Importantly, Network Copilot is another proof point in our ongoing journey to show how we’re benefitting from Microsoft 365 Copilot internally here at Microsoft. Read this story to learn how we’re thinking about AI agents internally at Microsoft and to get our guidance on how to get started with them at your company.
The spark of inspiration

Network Copilot originated in a hackathon project in early 2023, inspired by the excitement at that time around generative AI and ChatGPT. Tekkalakota pulled together a small group of AI enthusiasts and launched the effort to develop a tool that would be able to simplify network management tasks.
“These were network engineers who were at that intersection of new tech enthusiasts and experts in their particular job,” Tekkalakota says. “We leaned on them heavily in the first few iterations of the project, collecting their feedback manually on what the right queries were. And as time went on, we kept adding more and more of these enthusiastic users to help us build the community, and to test the tool and gather feedback.”

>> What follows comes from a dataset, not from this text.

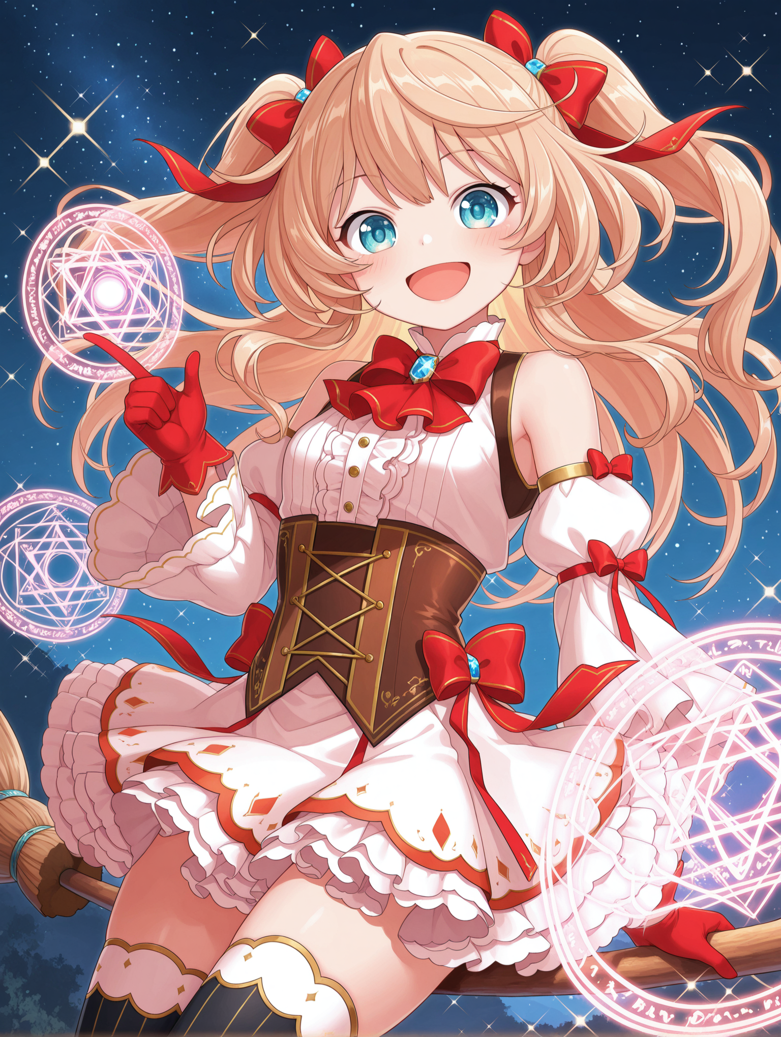 ascot, white shirt, center frills, brown corset, white skirt, detached sleeves,red gloves, thighhighs

On the engineering side, the project started out with a custom-agent approach, reflecting the available technology at that point in time.
“We went with a conversational agent built on Semantic Kernel and Azure OpenAI, because that was the only option at the time,” Green says. “Over time, we switched to a declarative-agent model based on the Microsoft 365 Copilot capabilities that were being released. In a sense, Network Copilot is the story of how fast AI technology is progressing, and how it’s becoming faster and easier to develop these kinds of tools.”
Improving network services with Network Copilot
Generative AI tools excel at one of the biggest challenges that network engineers face in their day-to-day work: how to quickly track down the specific information needed to resolve a network issue.
“There’s something like five to eight different steps in the network management workflow, and many of them have a manual component,” Tekkalakota says. “Network engineers drill through siloed documents like wikis and troubleshooting guides, data sources such as infrastructure data lake and incident management (IcM), and more to define data insights and documentation. We wanted to make this search faster and easier for these engineers.”
The answer was Network Copilot, an AI chat interface in which engineers can use natural-language queries to gain insights and determine recommended actions without leaving the flow of their work process.
“It’s a great solution because it keeps them in the context of their current work,” Tekkalakota says. “They don’t have to step out of the network lifecycle management task that they’re currently in to find answers. It gives them the next step in a concise, summarized manner—something that they would have to spend multiple hours tracking down outside of their context.”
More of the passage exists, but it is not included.